● **EXERCISE AIM**
From the first line to the last, write out the records exactly, leaving the pictures behind.

● **EXTRACTED ENTRIES**
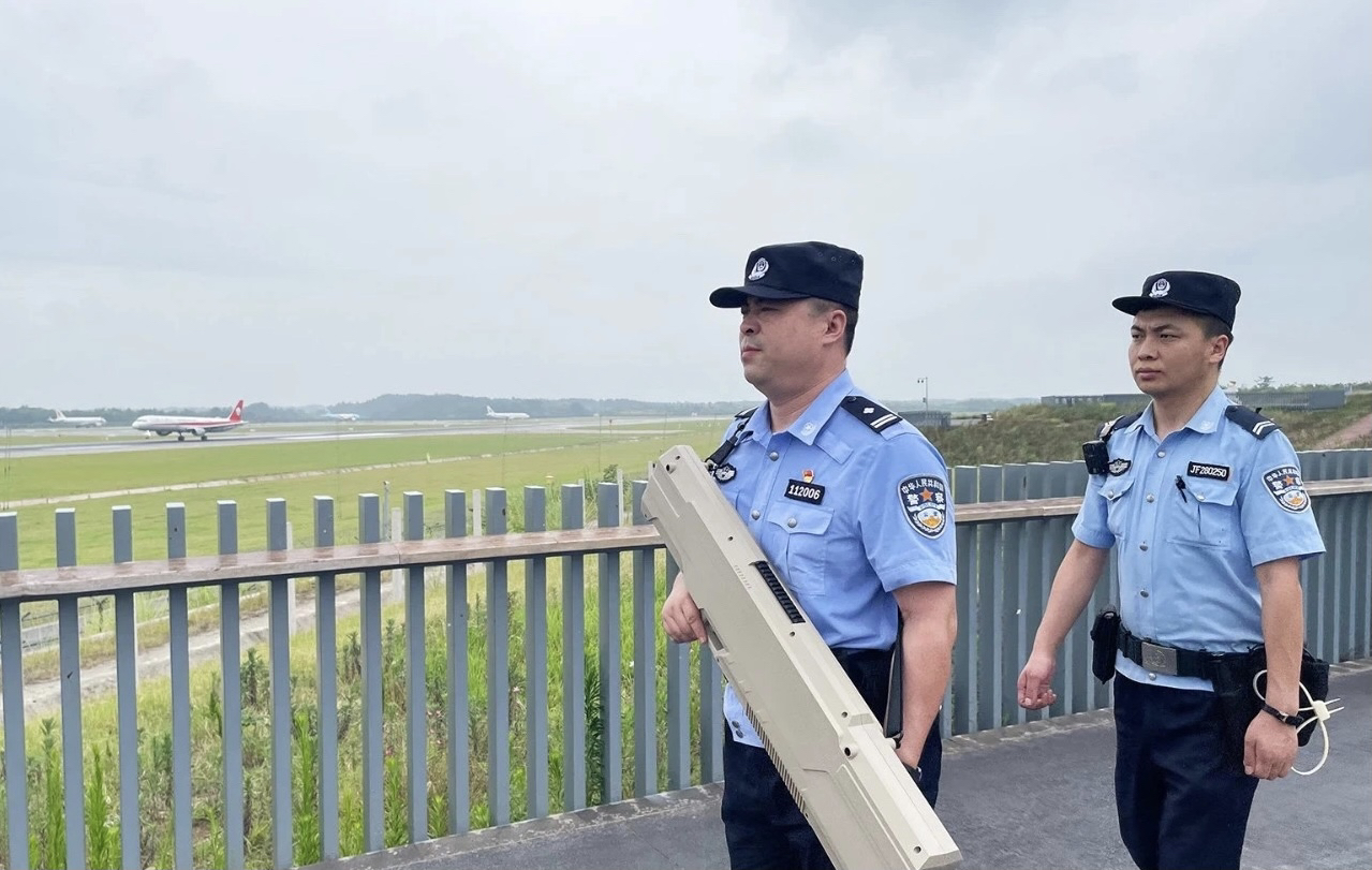 7月18日,东部新区公安分局草池派出所的民辅警背着分局配发的无人机反制枪,与“净空观察哨”队员在公园里开展巡逻工作:检查机场防护网是否遭到破坏,在观察哨瞭望是否有风筝、气球等升空物体干扰航班的情况,向游客进行净空安全知识的宣传。
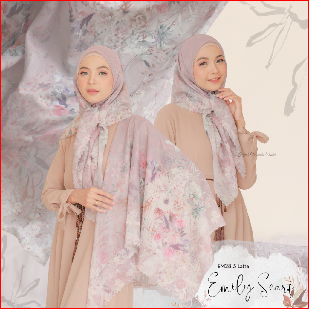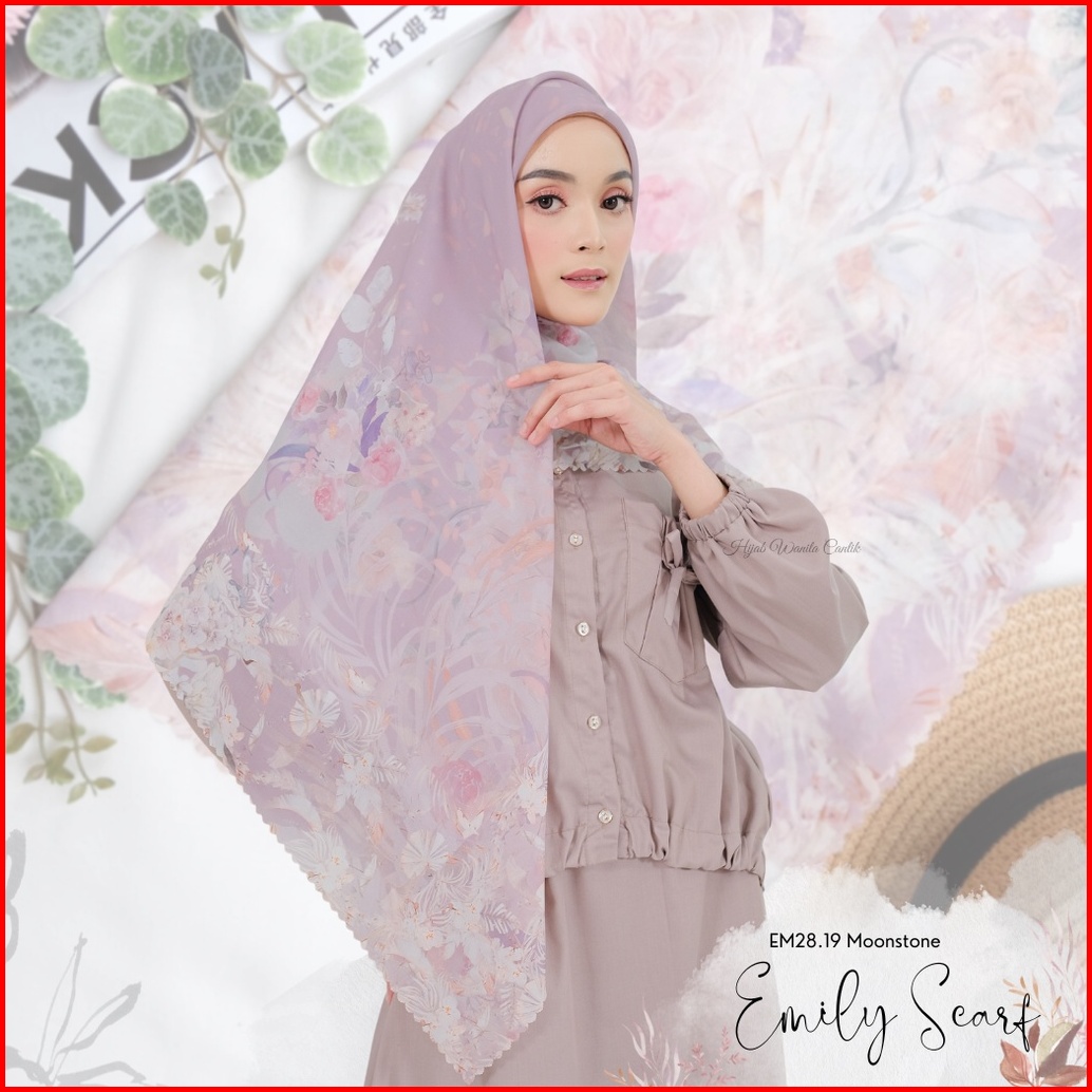 Hijabwanitacantik - Emily Scarf Polycotton Moonstone Hijab Segi Empat Motif Jilbab Segiempat
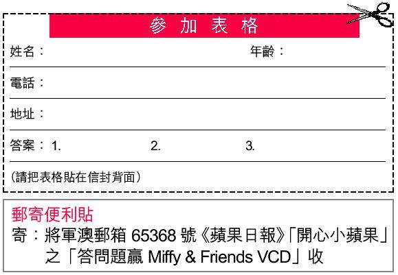 《Miffy&Friends》的故事源自DickBruna最受歡迎的兒童書籍,講述發生在Miffy同他的朋友仔身邊的故事,天天新鮮有趣,引領小朋友一同去認識及發掘身邊的世界,探索多方面的情感,培養德智體群美育,增進知識。最適合2至6歲小朋友收看的3D動畫學習節目《Miffy&Friends》雙語版本,最新推出一套八集VCD,內裏有更多英文詞彙給小朋友學習運用。想欣賞咁精采的3D教育學習動畫,只要看圖回答問題,大獎1名可獲得由新格媒體(香港)有限公司送出的全套八集VCD,其餘9名幸運兒也可以獲得《Miffy與三棵聖誕樹與其他精彩奇遇》VCD乙隻。
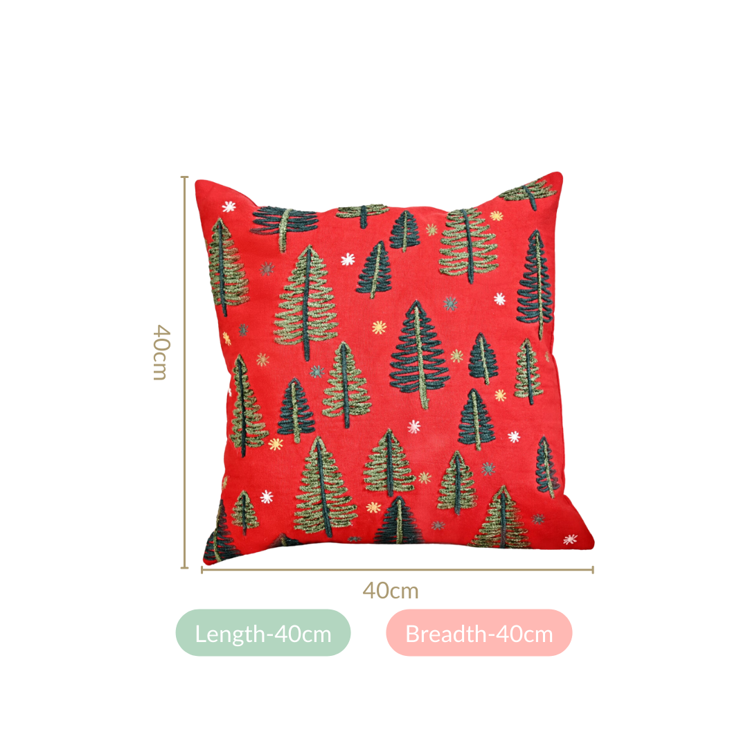 Add a festive touch to your home with this vibrant red cotton cushion cover, crafted to bring warmth and cheer to your holiday decor. Designed with charming Christmas motifs, the pillow cover is a perfect seasonal addition to any cosy corner.
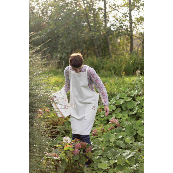 Esta agarradera Gardenia 2 en 1 está hecha de algodón reciclado, hilo teñido, compuesto por un 80% de algodón y un 20% de poliéster. Permite sacar los platos del horno de forma segura a la vez que aporta un toque de frescura primaveral a la cocina. El elegante estampado floral de esta agarradera también está presente en el paño de cocina y el delantal a juego de la misma colección. Sus dimensiones son de 20 x 20 cm y se ofrece

● **RESULT OF THIS EXERCISE**
 7月18日,东部新区公安分局草池派出所的民辅警背着分局配发的无人机反制枪,与“净空观察哨”队员在公园里开展巡逻工作:检查机场防护网是否遭到破坏,在观察哨瞭望是否有风筝、气球等升空物体干扰航班的情况,向游客进行净空安全知识的宣传。
 Hijabwanitacantik - Emily Scarf Polycotton Moonstone Hijab Segi Empat Motif Jilbab Segiempat
 《Miffy&Friends》的故事源自DickBruna最受歡迎的兒童書籍,講述發生在Miffy同他的朋友仔身邊的故事,天天新鮮有趣,引領小朋友一同去認識及發掘身邊的世界,探索多方面的情感,培養德智體群美育,增進知識。最適合2至6歲小朋友收看的3D動畫學習節目《Miffy&Friends》雙語版本,最新推出一套八集VCD,內裏有更多英文詞彙給小朋友學習運用。想欣賞咁精采的3D教育學習動畫,只要看圖回答問題,大獎1名可獲得由新格媒體(香港)有限公司送出的全套八集VCD,其餘9名幸運兒也可以獲得《Miffy與三棵聖誕樹與其他精彩奇遇》VCD乙隻。
 Add a festive touch to your home with this vibrant red cotton cushion cover, crafted to bring warmth and cheer to your holiday decor. Designed with charming Christmas motifs, the pillow cover is a perfect seasonal addition to any cosy corner.
 Esta agarradera Gardenia 2 en 1 está hecha de algodón reciclado, hilo teñido, compuesto por un 80% de algodón y un 20% de poliéster. Permite sacar los platos del horno de forma segura a la vez que aporta un toque de frescura primaveral a la cocina. El elegante estampado floral de esta agarradera también está presente en el paño de cocina y el delantal a juego de la misma colección. Sus dimensiones son de 20 x 20 cm y se ofrece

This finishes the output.